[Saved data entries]
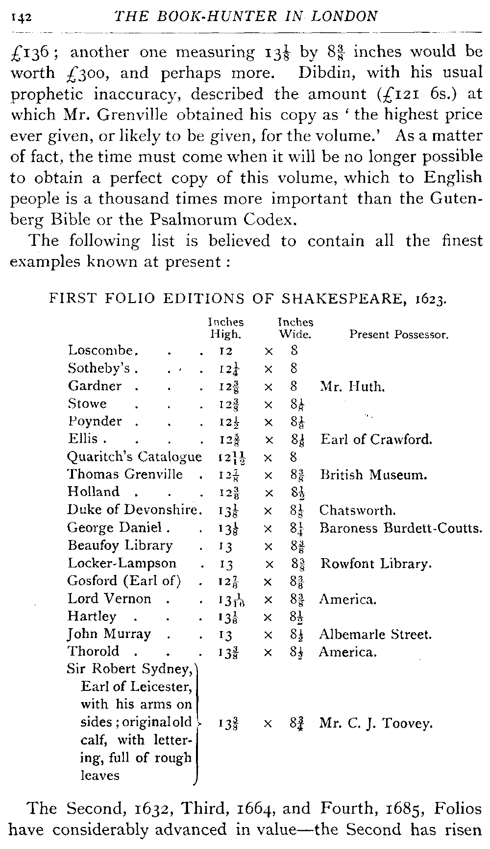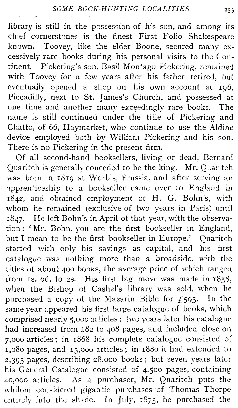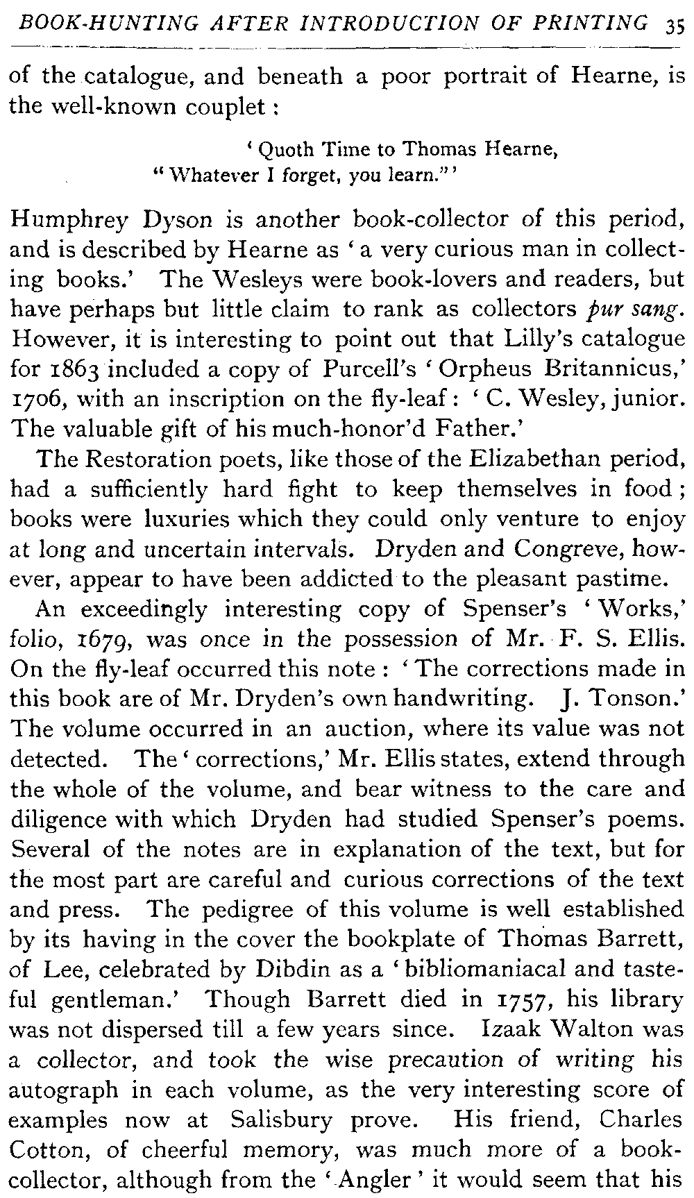 The subject of book-finds is one about which a volume might be written. Every 'special' collector has his fund of book-hunting anecdotes and incidents, for, where the rarity of a well-known [xxv]book is common property, there is not usually much excitement in running it to earth. The fun may be said to begin when two or three people are known to be on the hunt after a rare and little-known volume, whose interest is of a special character. To take, as an illustration, one of the most successful book-hunters of modern times, the late Henry Stevens, of Vermont. Until Mr. Stevens created the taste for Americana among his fellow-countrymen, very few collectors considered the subject worth notice. And yet, in the space of a quarter of a century, he unearthed more excessively rare and unique items than the wildest dreamer could have supposed to exist. Books and pamphlets which were to be had for the proverbial old song when he first came to this country quickly became the objects of the keenest competition in the saleroom, and invariably found buyers at extravagant prices. As an illustration, although not an American item, we may mention that when a copy of the Mazarin Bible was offered at Sotheby's in 1847, the competitors were an agent of Mr. James Lenox (Stevens' client) and Sir Thomas Phillipps in person; the latter went to £495, but the agent went £5 better, and secured the prize at the then unheard-of price of £500. At first Mr. Lenox declined to take the book, but eventually altered his mind, wisely as it proved, for although at long intervals copies are being unearthed, the present value of Mr. Lenox's copy cannot be much short of £4,000. During 1854 and 1855 Mr. Stevens bought books to the value of over 50,000 dollars for Mr. Lenox, and on reviewing the invoices of these two years, 'I am confident,' says Mr. Stevens, 'that, if the same works were now' (1887) 'to be collected, they would cost more than 250,000 dollars. But can so much and so many rare books ever be collected again in that space of time?' In December, 1855, Mr. Stevens offered Mr. Lenox in one lump about forty Shakespeare quartos, all in good condition, and some of them very fine, for £500, or, including a fair set of the four folios, £600, an offer which was accepted, and it may be doubted whether such a set could now be purchased for £6,000. Mr. Lenox was for over ten years desirous of obtaining a perfect copy of 'The Bay Psalter,' printed by Stephen Daye at Cambridge, New England, 1640, the first book printed in what is now the United States, and had given Mr. Stevens a commission of £100 for it. After searching far and wide, the long-lost 'Benjamin' was discovered in a lot [xxvi]at the sale of Pickering's stock at Sotheby's in 1855. 'A cold-blooded coolness seized me, and advancing towards the table behind Mr. Lilly, I quietly bid, in a perfectly neutral tone, "Sixpence"; and so the bids went on, increasing by sixpences, until half a crown was reached and Mr. Lilly had loosened the string. Taking up this very volume, he turned to me and remarked, "This looks a rare edition, Mr. Stevens; don't you think so? I do not remember having seen it before," and raised the bid to 5s. I replied that I had little doubt of its rarity, though comparatively a late edition of the Psalms, and at the same time gave Mr. Wilkinson a sixpenny nod. Thenceforward a "spirited competition" arose between Mr. Lilly and myself, until finally the lot was knocked down to Stevens for 19s.' The volume had cost the late Mr. Pickering 3s. It became Mr. Lenox's property for £80. Twenty-three years later another copy was bought by Mr. Cornelius Vanderbilt for 1,200 dollars.
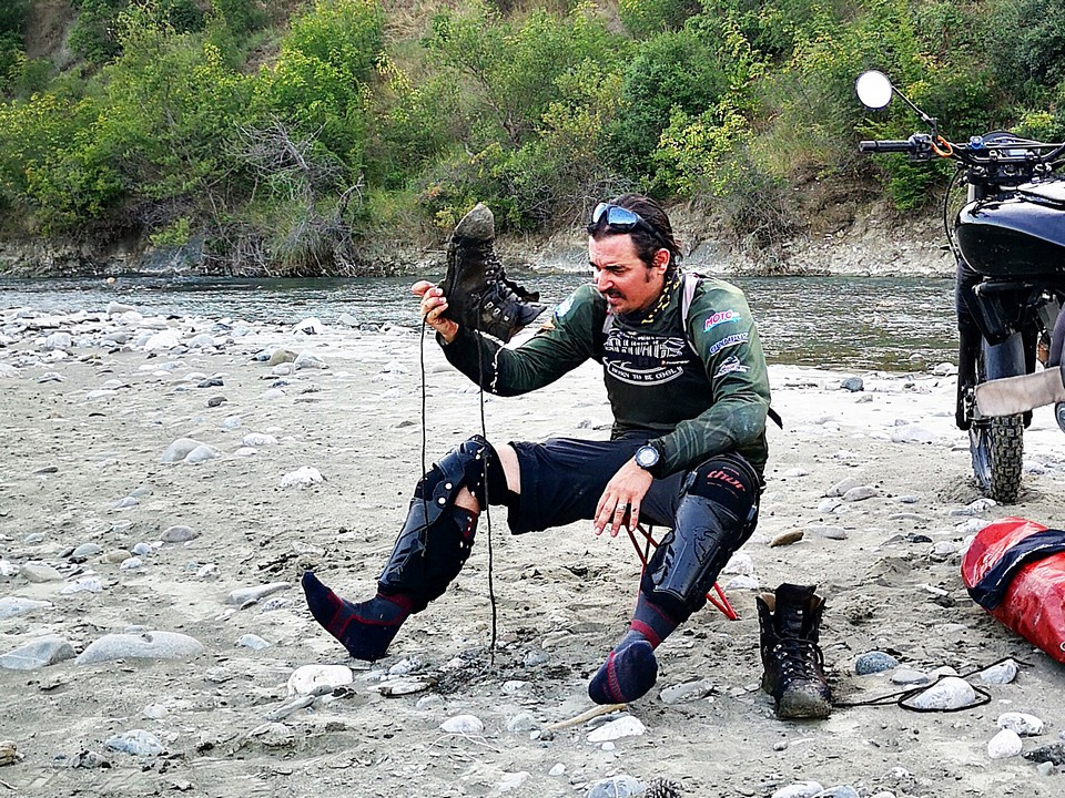 A nap parádésra sikerült, élményekkel telve táboroztunk le a mederben. Megkóstoltuk a Máté által készített szárított húst is, és megállapíthattuk, hogy jól sikerült. Finom, tápláló. Reggelre nagyjából meg is száradtak a vizes cuccaink, persze a csizmát/bakancsot kivéve. A V-strom testalkata az átkeléseknél kifejezetten előnyösnek tűnt, úgy siklott a vízen, mint egy szárnyas hajó. Esés nélkül sikerült végigcsinálni, engem egyszer levert a lábtartóról a víz, azután már óvatosabban, a motoron ülve evickéltem keresztül a folyón, ahol utunkat próbálta állni.
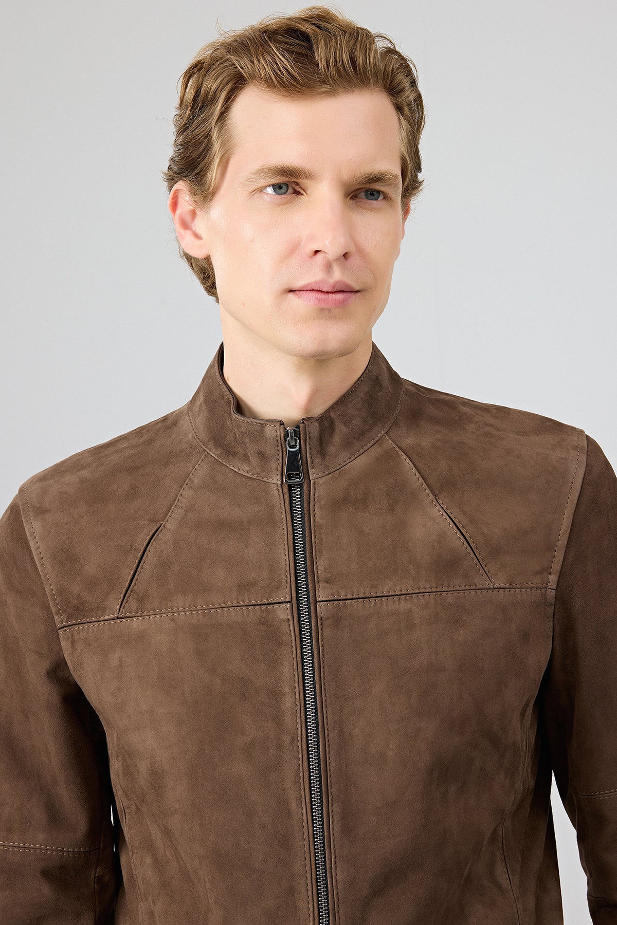 Neymar Erkek Kestane Hakim Yaka Slim-Fit Süet Deri Ceket
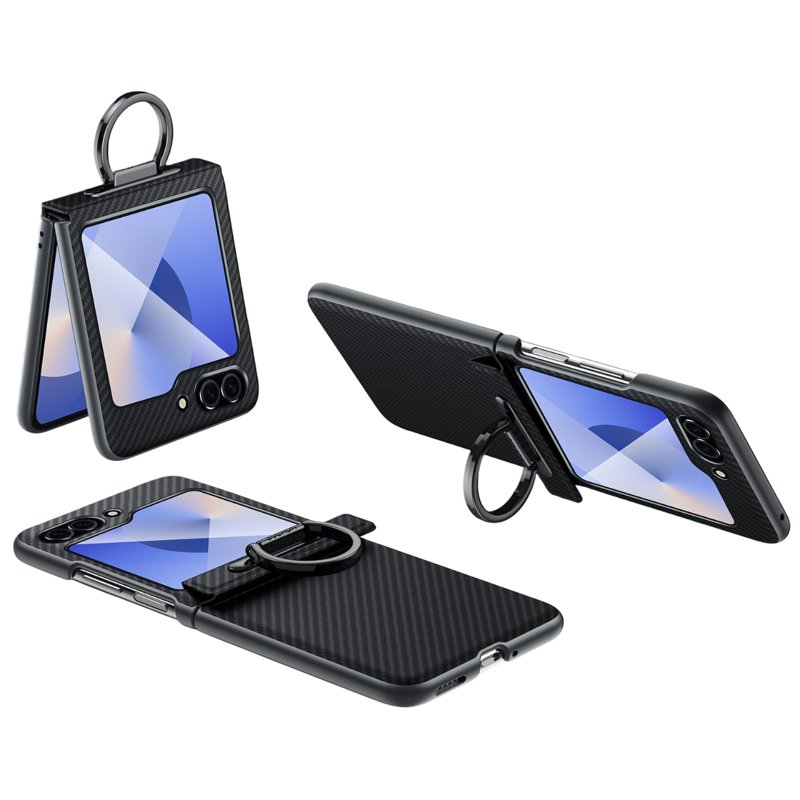 SULADA Galaxy Z Flip6 Fodral Läder PC Svart Carbon
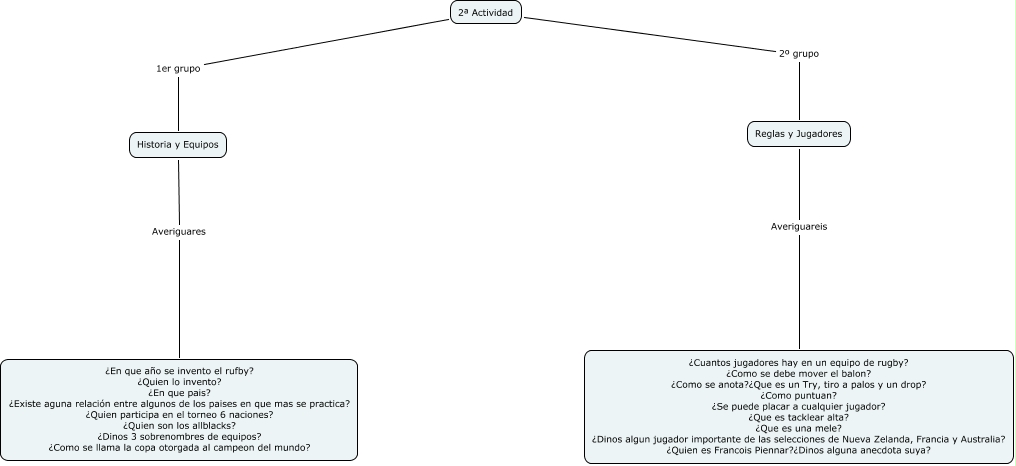 Este Cmap, tiene información relacionada con: Actividad Rugby, 2ª Actividad 2º grupo Reglas y Jugadores, Reglas y Jugadores Averiguareis ¿Cuantos jugadores hay en un equipo de rugby? ¿Como se debe mover el balon? ¿Como se anota?¿Que es un Try, tiro a palos y un drop? ¿Como puntuan? ¿Se puede placar a cualquier jugador? ¿Que es tacklear alta? ¿Que es una mele? ¿Dinos algun jugador importante de las selecciones de Nueva Zelanda, Francia y Australia? ¿Quien es Francois Piennar?¿Dinos alguna anecdota suya?, 2ª Actividad 1er grupo Historia y Equipos, Historia y Equipos Averiguares ¿En que año se invento el rufby? ¿Quien lo invento? ¿En que pais? ¿Existe aguna relación entre algunos de los paises en que mas se practica? ¿Quien participa en el torneo 6 naciones? ¿Quien son los allblacks? ¿Dinos 3 sobrenombres de equipos? ¿Como se llama la copa otorgada al campeon del mundo?
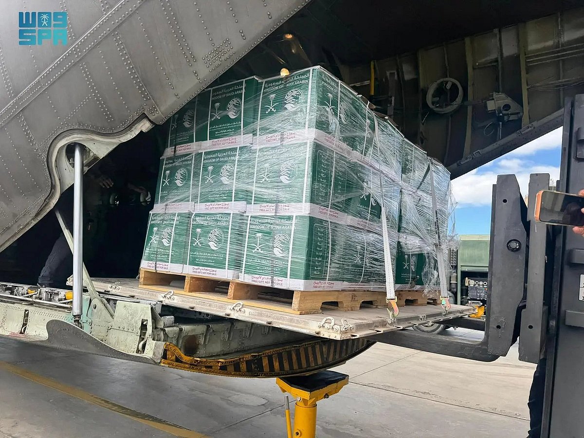 الطائرة الإغاثية السعودية الـ 82 تصل مطار العريش فى طريقها إلى غزة
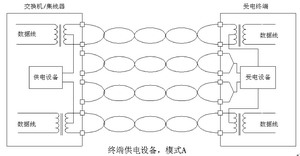 供电设备支持两种以太网供电模式,分别命名为模式A和模式B:模式A采用以太网线缆中的1,2,3,6 四根数据线(注:1,2线为发送数据线,3,6线为接收数据线)来传输电源,模式B则采用以太网线缆中的4,5,7,8 四根空闲线来传输电源。终端供电设备的下行链路可以采用模式A,或模式B,也可针对不同的链路分别采用两种模式。并且这类设备可以兼容十兆,百兆,乃至千兆的以太网。值得注意的是:在实际使用中,终端供电设备不应同时以A和B两种模式向同一条以太网链路上传输电源,一条以太网链路在同一时刻只会工作在一种模式下。而对于中间供电设备而言,一般只采用以太网线缆中的4,5,7,8 四根空闲线来传输电源,即只能工作在模式B,并且目前的标准还不支持千兆以太网。
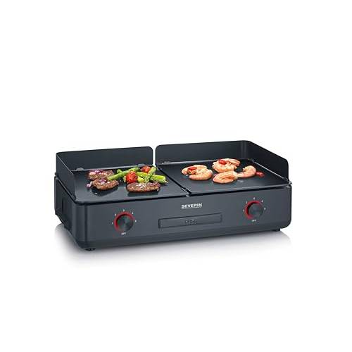 Sie sind ein Fan vom Grillen am Tisch mit der ganzen Familie? Dann ist ein Tischgrill mit einer flachen Grillfläche, auch Plancha-Grill genannt, für Sie interessant. Hier können mehrere Mitglieder gleichzeitig grillen und auch kleine Objekte, wie zum Beispiel Schalentiere, direkt auf die Fläche legen. Es gibt einige Severin-Tischgrills mit durchgehenden Grillplatten, die zudem noch antihaftbeschichtet sind.

● GOAL OF THE EXERCISE: Would you copy every entry exactly as it stands, leaving out the pictures?

● SOLUTION FOR THIS EXERCISE:
 The subject of book-finds is one about which a volume might be written. Every 'special' collector has his fund of book-hunting anecdotes and incidents, for, where the rarity of a well-known [xxv]book is common property, there is not usually much excitement in running it to earth. The fun may be said to begin when two or three people are known to be on the hunt after a rare and little-known volume, whose interest is of a special character. To take, as an illustration, one of the most successful book-hunters of modern times, the late Henry Stevens, of Vermont. Until Mr. Stevens created the taste for Americana among his fellow-countrymen, very few collectors considered the subject worth notice. And yet, in the space of a quarter of a century, he unearthed more excessively rare and unique items than the wildest dreamer could have supposed to exist. Books and pamphlets which were to be had for the proverbial old song when he first came to this country quickly became the objects of the keenest competition in the saleroom, and invariably found buyers at extravagant prices. As an illustration, although not an American item, we may mention that when a copy of the Mazarin Bible was offered at Sotheby's in 1847, the competitors were an agent of Mr. James Lenox (Stevens' client) and Sir Thomas Phillipps in person; the latter went to £495, but the agent went £5 better, and secured the prize at the then unheard-of price of £500. At first Mr. Lenox declined to take the book, but eventually altered his mind, wisely as it proved, for although at long intervals copies are being unearthed, the present value of Mr. Lenox's copy cannot be much short of £4,000. During 1854 and 1855 Mr. Stevens bought books to the value of over 50,000 dollars for Mr. Lenox, and on reviewing the invoices of these two years, 'I am confident,' says Mr. Stevens, 'that, if the same works were now' (1887) 'to be collected, they would cost more than 250,000 dollars. But can so much and so many rare books ever be collected again in that space of time?' In December, 1855, Mr. Stevens offered Mr. Lenox in one lump about forty Shakespeare quartos, all in good condition, and some of them very fine, for £500, or, including a fair set of the four folios, £600, an offer which was accepted, and it may be doubted whether such a set could now be purchased for £6,000. Mr. Lenox was for over ten years desirous of obtaining a perfect copy of 'The Bay Psalter,' printed by Stephen Daye at Cambridge, New England, 1640, the first book printed in what is now the United States, and had given Mr. Stevens a commission of £100 for it. After searching far and wide, the long-lost 'Benjamin' was discovered in a lot [xxvi]at the sale of Pickering's stock at Sotheby's in 1855. 'A cold-blooded coolness seized me, and advancing towards the table behind Mr. Lilly, I quietly bid, in a perfectly neutral tone, "Sixpence"; and so the bids went on, increasing by sixpences, until half a crown was reached and Mr. Lilly had loosened the string. Taking up this very volume, he turned to me and remarked, "This looks a rare edition, Mr. Stevens; don't you think so? I do not remember having seen it before," and raised the bid to 5s. I replied that I had little doubt of its rarity, though comparatively a late edition of the Psalms, and at the same time gave Mr. Wilkinson a sixpenny nod. Thenceforward a "spirited competition" arose between Mr. Lilly and myself, until finally the lot was knocked down to Stevens for 19s.' The volume had cost the late Mr. Pickering 3s. It became Mr. Lenox's property for £80. Twenty-three years later another copy was bought by Mr. Cornelius Vanderbilt for 1,200 dollars.
 A nap parádésra sikerült, élményekkel telve táboroztunk le a mederben. Megkóstoltuk a Máté által készített szárított húst is, és megállapíthattuk, hogy jól sikerült. Finom, tápláló. Reggelre nagyjából meg is száradtak a vizes cuccaink, persze a csizmát/bakancsot kivéve. A V-strom testalkata az átkeléseknél kifejezetten előnyösnek tűnt, úgy siklott a vízen, mint egy szárnyas hajó. Esés nélkül sikerült végigcsinálni, engem egyszer levert a lábtartóról a víz, azután már óvatosabban, a motoron ülve evickéltem keresztül a folyón, ahol utunkat próbálta állni.
 Neymar Erkek Kestane Hakim Yaka Slim-Fit Süet Deri Ceket
 SULADA Galaxy Z Flip6 Fodral Läder PC Svart Carbon
 Este Cmap, tiene información relacionada con: Actividad Rugby, 2ª Actividad 2º grupo Reglas y Jugadores, Reglas y Jugadores Averiguareis ¿Cuantos jugadores hay en un equipo de rugby? ¿Como se debe mover el balon? ¿Como se anota?¿Que es un Try, tiro a palos y un drop? ¿Como puntuan? ¿Se puede placar a cualquier jugador? ¿Que es tacklear alta? ¿Que es una mele? ¿Dinos algun jugador importante de las selecciones de Nueva Zelanda, Francia y Australia? ¿Quien es Francois Piennar?¿Dinos alguna anecdota suya?, 2ª Actividad 1er grupo Historia y Equipos, Historia y Equipos Averiguares ¿En que año se invento el rufby? ¿Quien lo invento? ¿En que pais? ¿Existe aguna relación entre algunos de los paises en que mas se practica? ¿Quien participa en el torneo 6 naciones? ¿Quien son los allblacks? ¿Dinos 3 sobrenombres de equipos? ¿Como se llama la copa otorgada al campeon del mundo?
 الطائرة الإغاثية السعودية الـ 82 تصل مطار العريش فى طريقها إلى غزة
 供电设备支持两种以太网供电模式,分别命名为模式A和模式B:模式A采用以太网线缆中的1,2,3,6 四根数据线(注:1,2线为发送数据线,3,6线为接收数据线)来传输电源,模式B则采用以太网线缆中的4,5,7,8 四根空闲线来传输电源。终端供电设备的下行链路可以采用模式A,或模式B,也可针对不同的链路分别采用两种模式。并且这类设备可以兼容十兆,百兆,乃至千兆的以太网。值得注意的是:在实际使用中,终端供电设备不应同时以A和B两种模式向同一条以太网链路上传输电源,一条以太网链路在同一时刻只会工作在一种模式下。而对于中间供电设备而言,一般只采用以太网线缆中的4,5,7,8 四根空闲线来传输电源,即只能工作在模式B,并且目前的标准还不支持千兆以太网。
 Sie sind ein Fan vom Grillen am Tisch mit der ganzen Familie? Dann ist ein Tischgrill mit einer flachen Grillfläche, auch Plancha-Grill genannt, für Sie interessant. Hier können mehrere Mitglieder gleichzeitig grillen und auch kleine Objekte, wie zum Beispiel Schalentiere, direkt auf die Fläche legen. Es gibt einige Severin-Tischgrills mit durchgehenden Grillplatten, die zudem noch antihaftbeschichtet sind.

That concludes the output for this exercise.